Innovation in life sciences is a key driver of human wellbeing. However, the efforts required to bring new drugs, devices and other healthcare technologies to market are increasingly burdensome from both the scientific and investment perspectives.
It is increasingly difficult to identify risks to patients' health. Regulatory agencies worldwide tend to set stricter requirements for scientific evidence of the safety and efficacy of new drugs and devices, as biotechnology, information technology, electronics and nanotechnology converge in healthcare solutions that were previously unimaginable. Personalised and telemetric medicine, gene therapy and immediate non-invasive diagnostics are all technical realities, but difficult to handle in practice. The result is that the investment required to bring such new technologies to market is also increasing, while the risks are inherently higher in terms of the time and effort required to achieve sufficient sales.
Accordingly, intellectual property plays a crucial role in protecting investments and incentivising healthcare innovation. Patent regimes remain more or less the same in terms of the fundamental definitions, but encounter difficulties with regard to patentable subject matter and the evaluation of inventiveness for these new technologies. This raises a significant question: what are the main challenges in adapting to the new realities?
Selection of polymorphs, specific compositions or other particular embodiments of known inventions is typical in healthcare-related patents, because of the regulatory barriers to market entry for products in this industry.
A drug can be shown to be effective only through a determined polymorph. A cancer drug can be deemed safe only if it is administered under certain conditions and formulated in a particular composition. Even though it may seem at first sight that such solutions can be 'obvious to try', many drugs do not reach the market because the obvious-to-try solution is not found within all of the obvious alternatives for those skilled in the art. There are many possible reasons for this, including instability, poor manufacturing processes and safety concerns.

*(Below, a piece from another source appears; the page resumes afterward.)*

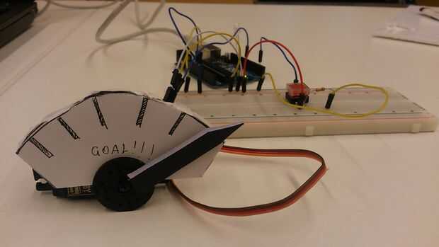 Hicimos una esfera y una pantalla de papel y cartón y fijarse al motor servo.

This is why the increasingly strict regulatory requirements for biotechnology drugs and treatment methods lead to non-obvious solutions on a daily basis. However, such non-obvious solutions are added to known inventions, compounds or formulae; and in spite of the solution being patentable, obtaining a patent generally requires experimental evidence to show precisely the non-obviousness of the apparently obvious solution.

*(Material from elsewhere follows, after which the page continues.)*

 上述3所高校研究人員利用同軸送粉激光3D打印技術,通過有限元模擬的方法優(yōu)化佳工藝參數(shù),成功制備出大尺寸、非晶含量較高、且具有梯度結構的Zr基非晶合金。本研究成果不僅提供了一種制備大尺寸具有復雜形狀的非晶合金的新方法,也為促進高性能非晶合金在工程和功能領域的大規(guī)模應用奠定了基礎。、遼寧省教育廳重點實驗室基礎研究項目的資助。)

Patent applications for this kind of invention face stricter examination requirements, but patent examiners frequently treat all healthcare inventions this strictly, which may have negative consequences for small-scale patent owners.
Patent examiners worldwide increasingly request that this kind of invention limit the scope of the claims to the exemplified subject matter and sometimes even include analytic results in the claim itself. However, the analytic methods used – particularly for identification purposes in advanced chemistry inventions (eg, polymorphs) and the determination of purity in the composition of large biotechnology molecules – become more sophisticated and precise with each passing day. Therefore, the descriptions and even the scope of claims that sometimes include such analysis make it necessary to identify clearly in the examples the analytical techniques used. For instance, X-ray diffraction patterns are known to be the best method to characterise crystalline forms of compounds. However, it has been shown that the equipment used to determine the pattern and the X-ray radiation source may change the result; thus, as part of the enabling description, it is necessary to include such information (which is typically neglected in patent drafting).
Perhaps because of the incremental nature of innovation in some healthcare technologies, patent offices seem to have established a different standard for evaluating obviousness when assessing the patentability of an invention based on the prior art, as compared with obviousness in light of the contribution of the invention.
Patent drafters seek to use the broadest language possible in order to protect as many obvious variations of an invention as possible in the claims. For instance, in US practice the doctrine of equivalents emerged as a way to protect inventors that were not as skilled in covering such variations in their patent drafting. This is also why claim drafting practices such as the so-called 'Markush formulae', with chemical structures or broad ranges of contents of key components in pharmaceutical compositions and the like, were once very common.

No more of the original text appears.